Input #0, matroska,webm, from 'output.mkv':
  Metadata:
    ENCODER         : Lavf58.45.100
  Duration: 00:23:02.05, start: 0.000000, bitrate: 245 kb/s
    Stream #0:0: Video: hevc (Main), yuv420p(tv), 1280x720 [SAR 1:1 DAR 16:9], 23.98 fps, 23.98 tbr, 1k tbn, 23.98 tbc (default)
    Metadata:
      ENCODER         : Lavc58.91.100 libx265
      DURATION        : 00:23:01.777000000
    Stream #0:1(jpn): Audio: aac (HE-AAC), 48000 Hz, stereo, fltp (default)
    Metadata:
      BPS-eng         : 36166
      DURATION-eng    : 00:23:02.016000000
      NUMBER_OF_FRAMES-eng: 32391
      NUMBER_OF_BYTES-eng: 6247833
      _STATISTICS_WRITING_APP-eng: mkvmerge v46.0.0 ('No Deeper Escape') 64-bit
      _STATISTICS_WRITING_DATE_UTC-eng: 2021-01-07 00:20:19
      _STATISTICS_TAGS-eng: BPS DURATION NUMBER_OF_FRAMES NUMBER_OF_BYTES
      DURATION        : 00:23:02.046000000
    Stream #0:2(eng): Subtitle: ass (default)
    Metadata:
      BPS-eng         : 76
      DURATION-eng    : 00:21:20.790000000
      NUMBER_OF_FRAMES-eng: 246
      NUMBER_OF_BYTES-eng: 12264
      _STATISTICS_WRITING_APP-eng: mkvmerge v46.0.0 ('No Deeper Escape') 64-bit
      _STATISTICS_WRITING_DATE_UTC-eng: 2021-01-07 00:20:19
      _STATISTICS_TAGS-eng: BPS DURATION NUMBER_OF_FRAMES NUMBER_OF_BYTES
      ENCODER         : Lavc58.91.100 ssa
      DURATION        : 00:21:21.580000000
    Stream #0:3: Attachment: ttf
    Metadata:
      filename        : Roboto-Medium.ttf
      mimetype        : application/x-truetype-font
    Stream #0:4: Attachment: ttf
    Metadata:
      filename        : Roboto-MediumItalic.ttf
      mimetype        : application/x-truetype-font

One thing to note is that I've done this successfully numerous times with h264 videos. No audio issues. Another thing to note which might be more relevant is that when I merge the frames with only the original audio stream (as opposed to all original streams except video), the audio issue does not occur.

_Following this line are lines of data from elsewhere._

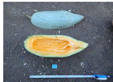
Sample Photo 9. MYC-14 ( Cucurbita moschata )
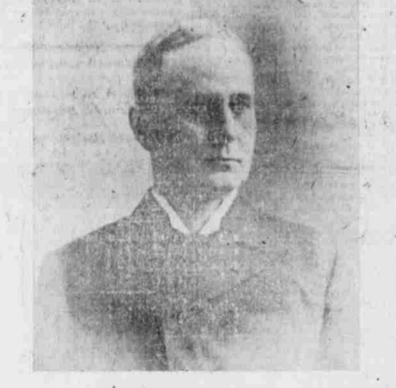
CONGRESSMAN CHAMP CLARK.
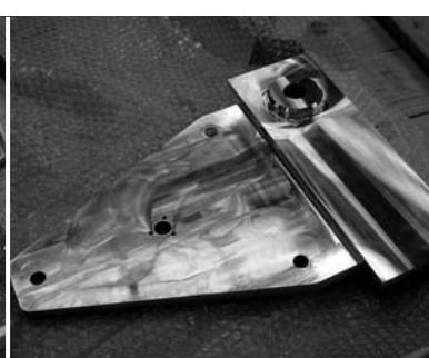
■ The Keel is diamond machined for the smoothest finish possible
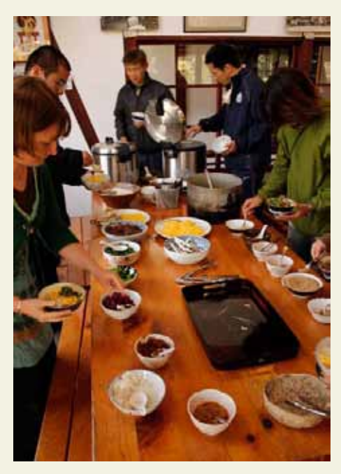
Lunch at Kodo Village: prepared by members, using fresh, seasonal, local ingredients

Living, Learning, and Creating Since 1971, when Kodo's antecedent group Sado no Kuni Ondekoza was formed, Sado Island has been our home and the platform from which we reach out to the world. With nature's warm embrace evident in each of her four seasons, Sado is an extraordinary place where traditional ways of life and the island's inherent performing arts still thrive today. This island is the fountain of our inspiration and
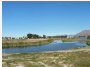
GPVCA: After Clearing

(endangered) and Cape Flats Sand Fynbos (critically endangered).
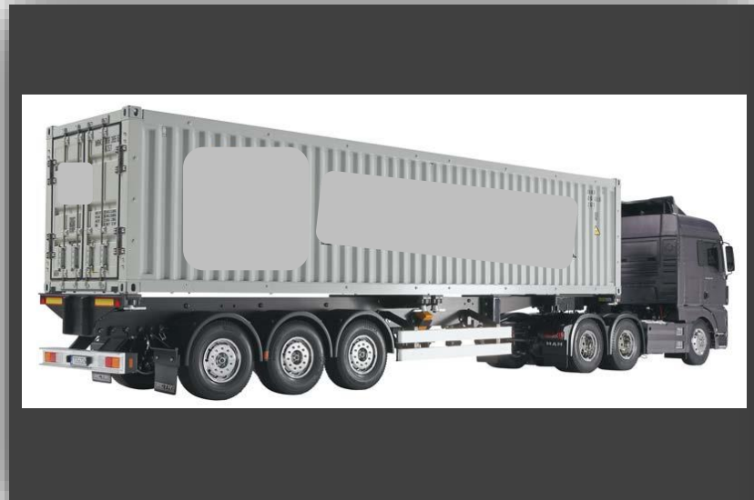
Bottom Left CONTAINER TRAILER
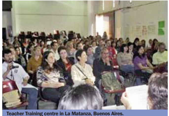
Teacher Training centre in La Matanza, Buenos Aires.

The variety of initiatives became clear in the subsequent inter-
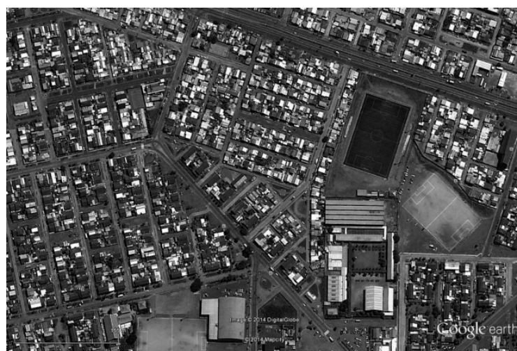
Figure 7. The spatial arrangement of the area including Yugoslavia Street, Hualpén.

Snoopy was a neighborhood dog in the residential sector of the municipality of Hualpén, in the Concepción metropolitan area (Figure 7), 8 km from Plaza Perú. He exemplified the behavioral adaptation of stray dogs in less central areas of Concepción, thus confirming the correlation between urban morphology and the adaptive behaviors of stray dogs, mediated by humans.
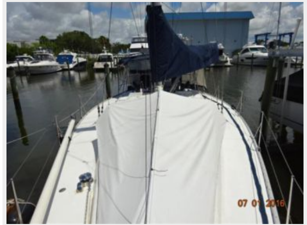
40' Hunter foredeck aft
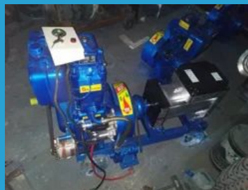
10 kva three phase water cooled with pankudi
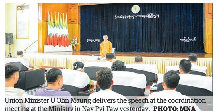
Union Minister U Ohn Maung delivers the speech at the coordination meeting at the Ministry in Nay Pyi Taw yesterday.

Union Minister U Ohn Maung first delivered a speech where he urged the participants to openly communicate their ideas and opinions on forming the necessary policies and strategies to implement sustainable tourism that will benefit the nation and everyone working in the tourism sector. After general discussions, the Union Minister delivered the closing speech where he said the Union Government is reviewing which restrictions to nullify and requested everyone working in this sector to conduct their business systematically and within the rules.—MNA (Translated by Zaw Htet Oo)
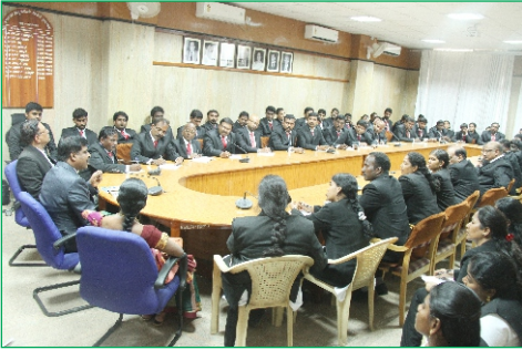
Permanent Lok Adalat
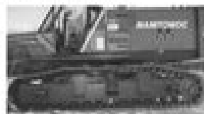
111-10 Boom Support
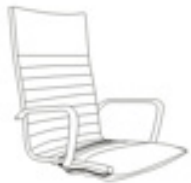
A (1 pc)
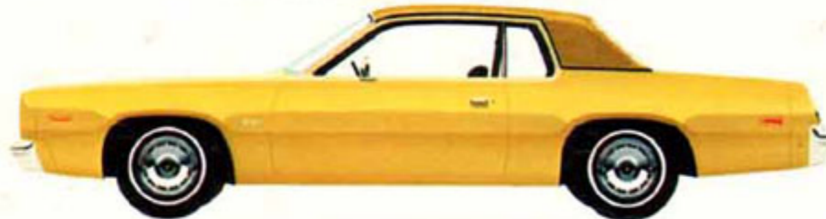
CORONET 2-DOOR HARDTOP
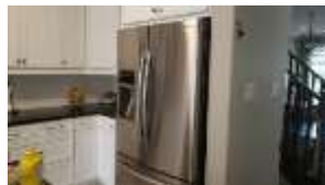
Pic. 22: Kitchen
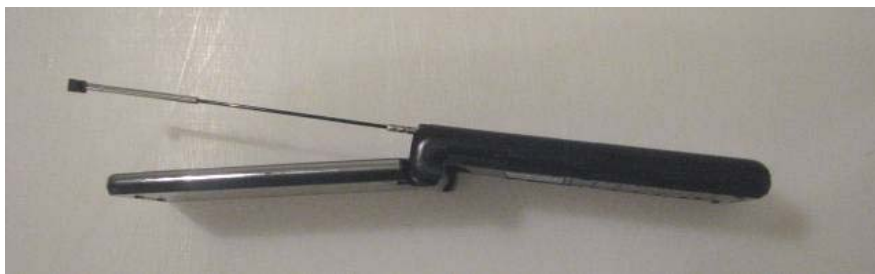
DVB-T Antenna extracted
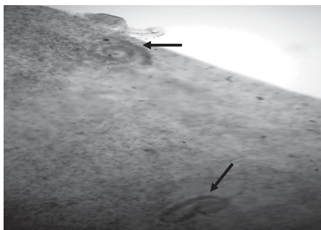
Figure 2. Nonencapsulated Trichinella spp. ( Trichinella papuae ) larvae (arrows) in the left gastrocnemius muscle of 1 case-patient, Uthai Thani Province, Thailand, 2006 (magnification \times 40 ).

was randomly selected from each of 8 pigsties and tested by ELISA for antibodies to Trichinella spp.; all pig samples were negative. A human gastrocnemius muscle biopsy specimen from a hospitalized case-patient was positive for nonencapsulated Trichinella spp. larvae (Figure 2), which provided a definitive diagnosis of trichinellosis. The parasite had a COI partial gene sequence of T. papuae (7). The case-patient had not traveled outside of Thailand. The fermented barking deer meat was negative for larvae.
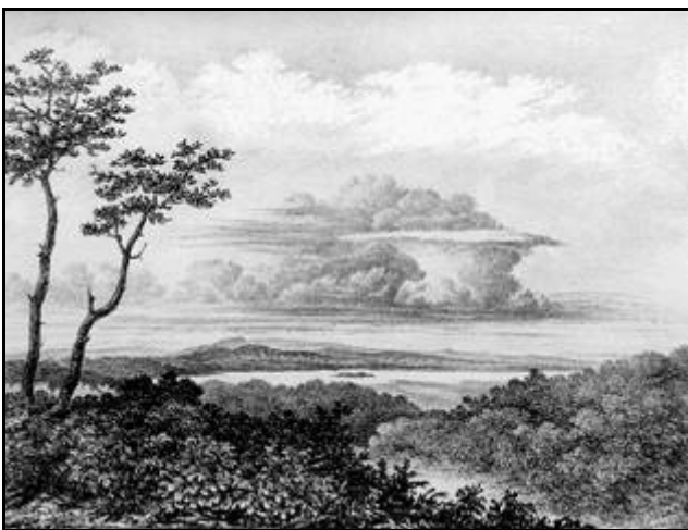
Figure 6. Cumulostratus as produced by the inosculation of cumulus with cirrostratus. Cirrus above, passing to cirrocumulus.
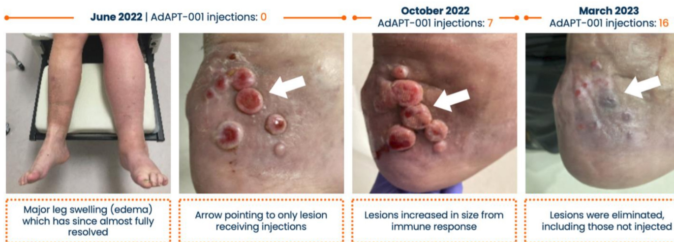
Figure 1 Patient with eccrine adenocarcinoma with near-complete resolution of heel tumors after single agent AdAPT-001 injection every 2 weeks.

responses despite the presence of NABs likely because the kinetics and stoichiometry of antibody neutralization through the hepatic artery are insufficient to clear the high concentration of locally administered OV before they reach target tumor cells. Likewise, NV1020, an attenuated derivative of wild-type Herpes Simplex Virus Type 1 (HSV-1), has been given successfully by hepatic artery infusion for the treatment of liver metastases. 6
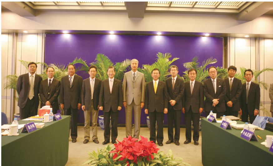
Commissioner Tian Lipu met with the high-level Japanese Official-Civilian delegation on IP protection.
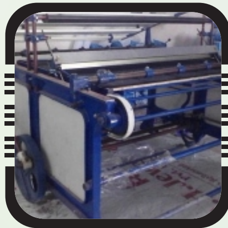
Fabric Single Folding Machine
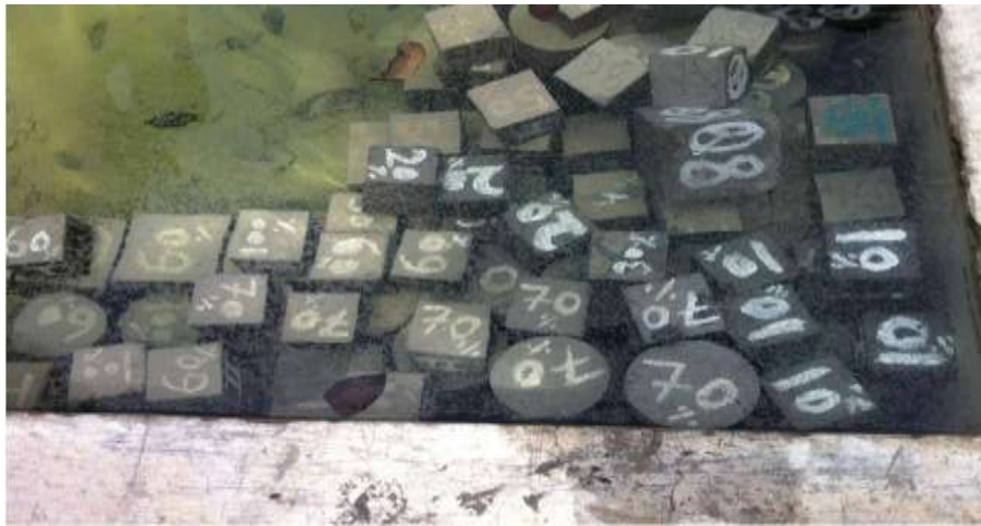
Fig -1: Curing of Test Specimens
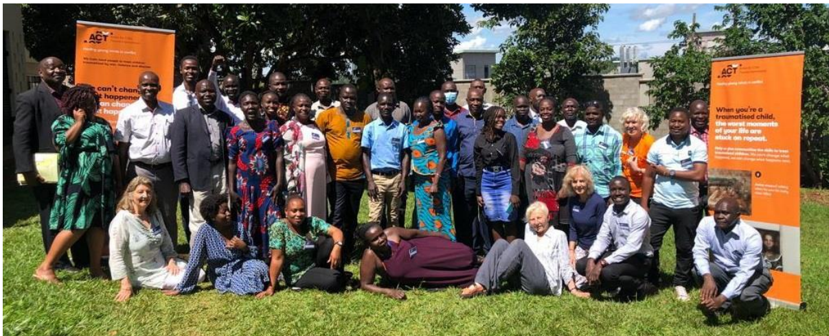
Happy end of conference photo

Delegates were selected from our database of trained CATT counsellors to represent all areas and communities across Uganda, including refugee camps, and a number worked for NGOs such as International Rescue Committee (IRC) and Christian Relief and Education for South Sudan (CRESS). Many travelled long distances hours to attend, including 4 from Arua in the far north of the country.
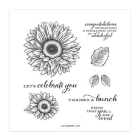
Celebrate Sunflowers Cling Stamp Set (English) - 152517
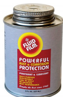
O043 Rust & Corrosion Preventive - Penetrant & Lubricant
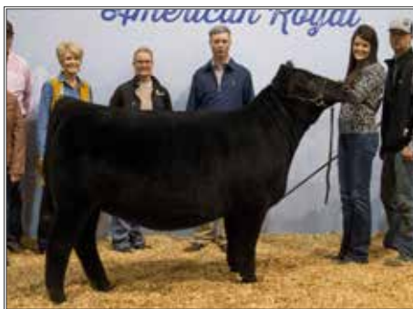
CRSS LADY DONE IT 2017 AMERICAN ROYAL GRAND CHAMPION PUREBRED SIMMENTAL HEIFER

A pair of high end ET flushmate sisters from the American Royal champion herself, CRSS Lady Done It. Since her time in production for Bar O Cattle Company, she has become an integral part of the program and her influence will remain everlasting. In terms of udder quality, mature cow size, and functionality this cow family sets the pace. The two females being offered are sired by the popular 2021 Cattlemen's Congress Reserve Grand Champion Simmental Bull, WHF/JS/CCS
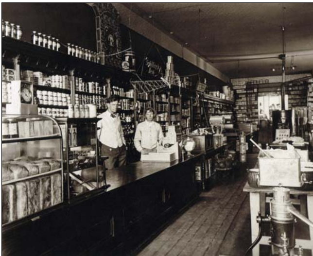
The interior of Spaulding's Store around 1919. It is now Red's Office Supply.
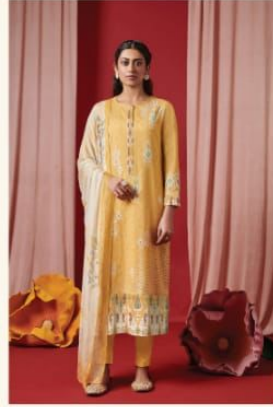
• 832 •
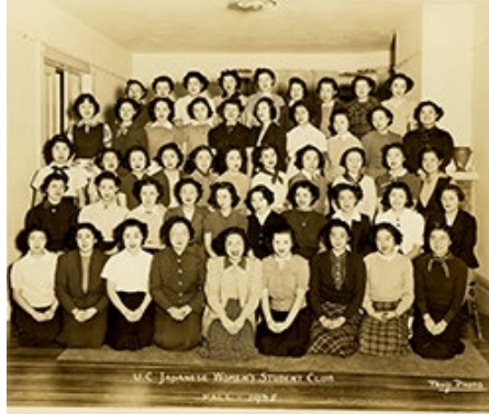
Figure 8: UC Berkeley Japanese Women's Club Fall 1938
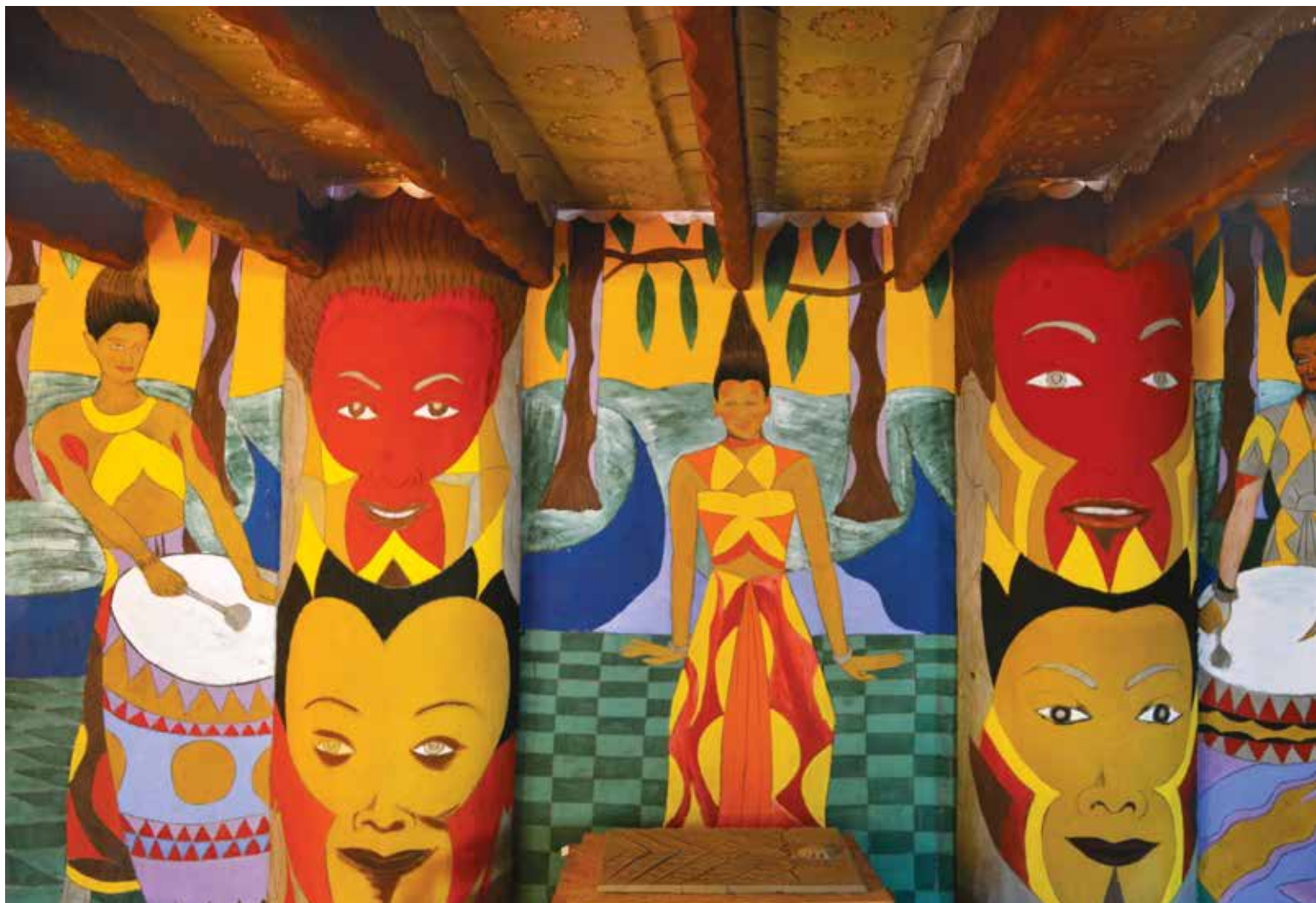
Interior of Oratory Pagoda
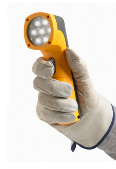
Fluke. Keeping your world up and running.®

CENTERLINE Inc. 513 E. Wisconsin Avenue Appleton, WI 54911 Phone: 920 730-0615 Fax: 920 730-0622 info@ctrline.net ctrline.net

.\ffmpeg.exe -r 23.98 -i "InputFolder\frame%08d.png" -i "input.mkv" -map 0:v:0 -map 1:a:0 -c:a copy -c:v libx265 -r 23.98 -pix_fmt yuv420p "output.mkv"

Produces no audio issues. But this isn't good for me because I want the subtitles and fonts from the original video.

If anyone needs me to upload the original video somewhere so they can reproduce it, let me know.

Edit: Also note that Merging the frames with the original audio AND subtitle stream, i.e without the fonts, the issue remains.


Solution

  • I was able to fix this by adding -max_interleave_delta 0 to the merge command.